Ventilation – This is a simpler, though less comfortable option than air filtration. However, for ventilation to be effective in minimizing viral transmission, 100% ventilation is required. That means opening all doors, windows, and dampers to allow full ventilation. This means building occupants will likely be very uncomfortable in the hot and cold weather months, and there’s a risk to equipment (such as that found in call centers) that needs to be kept at a steady, cool temperature.

Adjusting operations – if air filtration and 100% ventilation aren’t realistic, then major adjustments will have to be made to how businesses operate in enclosed spaces.
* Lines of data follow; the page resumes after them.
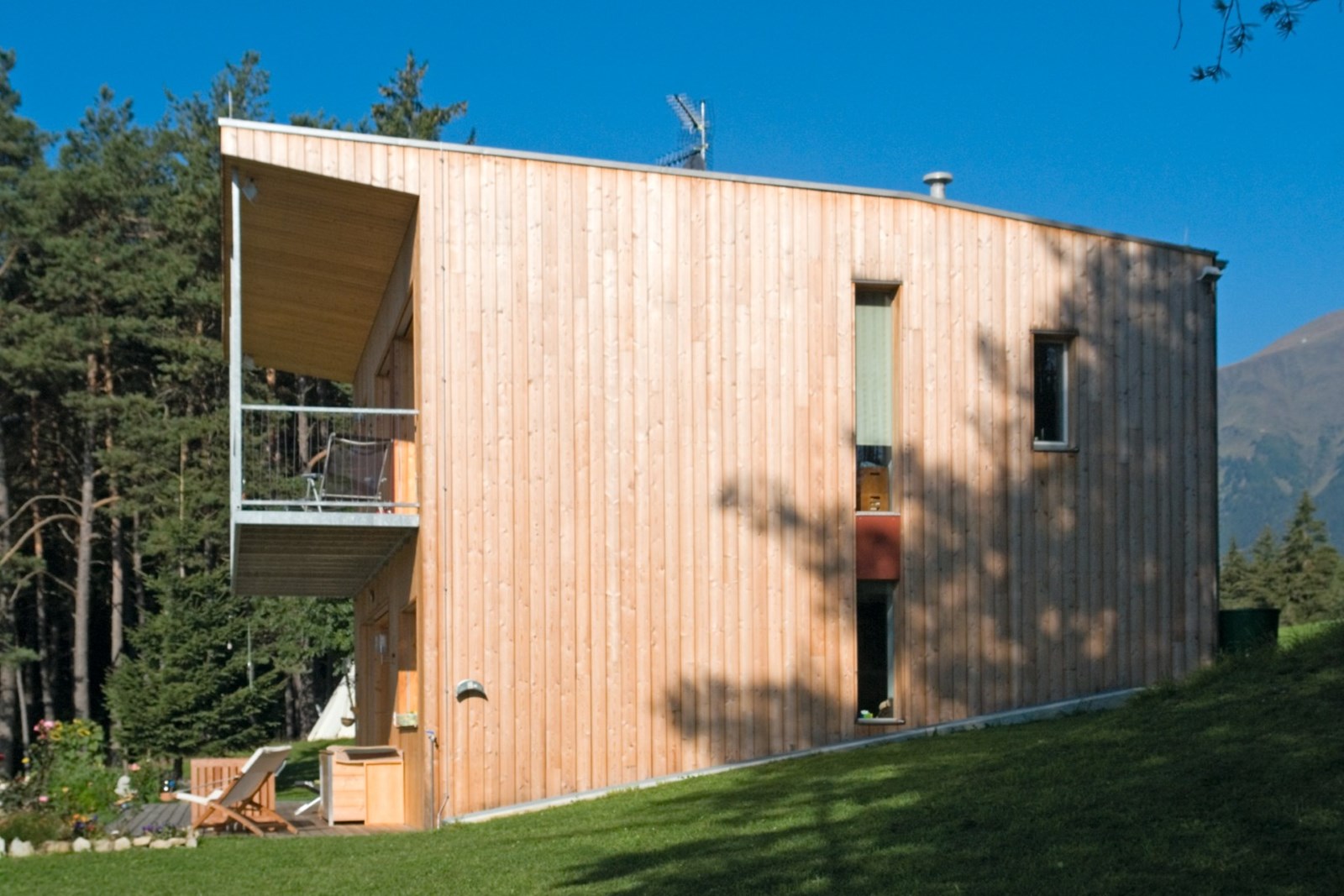 Auf 1200 m am Sonnenhang über dem Pustertal errichtete eine junge Familie mit zwei Kindern ein kleines, kostengünstiges und energieeffizientes Holzhaus, das ihnen Unabhängigkeit von steigenden Ölpreisen und Energiepreisen bietet. Das leicht nach Süden abfallende Grundstück öffnet sich mit freier Sicht nach Süden und Gebirgsblick nach Norden. Als Passivhaus konzipiert, kommt das Gebäude ohne klassische Heizsysteme aus. Entscheidend waren präzise Planung, sorgfältige Umsetzung und eine luftdichte, wärmebrückenfreie Hülle. Die Arbeiten begannen im Oktober, der Einzug erfolgte im April. Dank kompakter Wärmepumpe und kontrollierter Lüftung erreicht das Haus einen Energieverbrauch von nur 8 kWh/m²a, etwa ein Liter Heizöl pro Quadratmeter, insgesamt 118 Liter pro Jahr für Heizung und Warmwasser. So entstand ein komfortables, wirtschaftliches und nachhaltiges Zuhause, das der Familie langfristig Sicherheit und Lebensqualität bietet.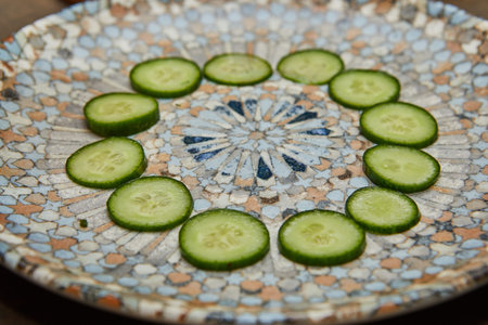 Fresh sliced cucumbers are laid out on a plate. Top view.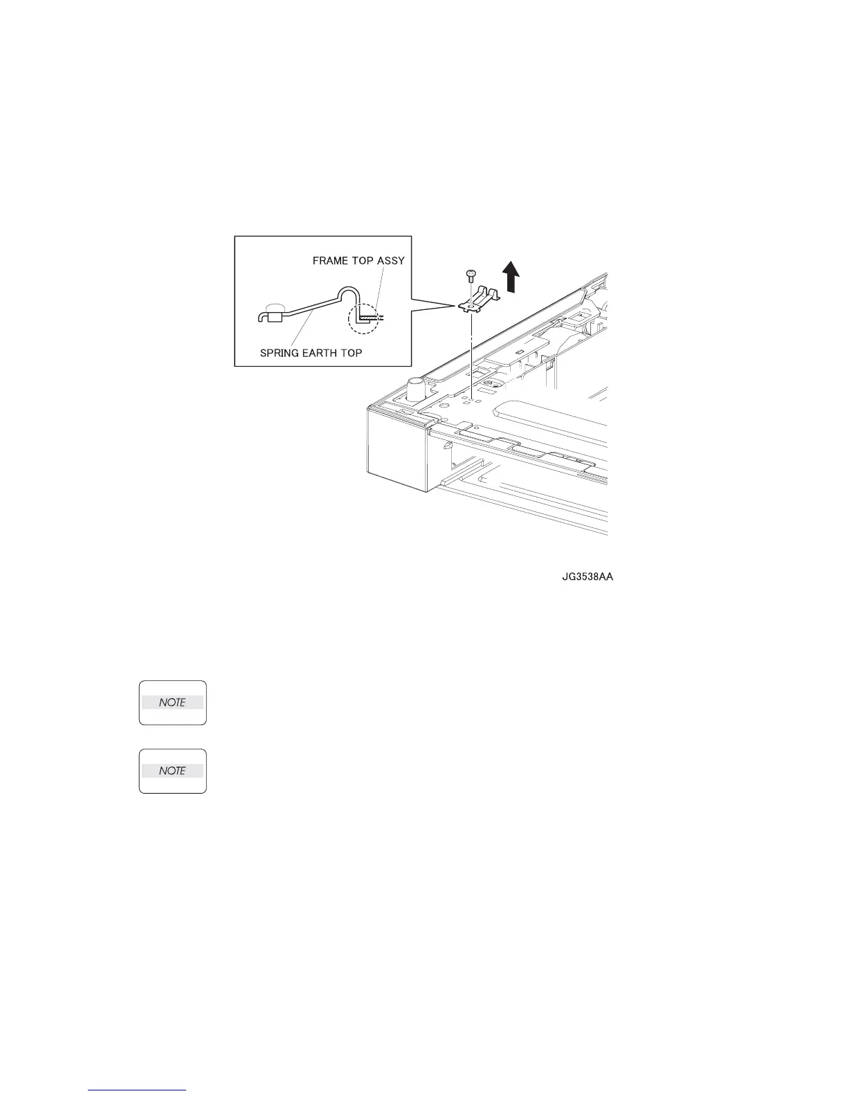 1) Remove the screw (silver, 6mm) securing the SPRING EARTH TOP to the FRAME TOP ASSY

This may mean closing common spaces, staggering schedules, and only allowing a limited number of people in a designated facility at a given time.

While the path remains unclear, one thing is for certain: Facilities Managers are critical to the process. Institutions that open too quickly or without proper precautions may face serious consequences down the road. If it becomes clear that profits were put ahead of occupant safety, firms could suffer in terms of financial loss as well as loss of reputation. If Facilities Managers are treated as strategic partners and consulted every step of the way, it results in a safer environment for all.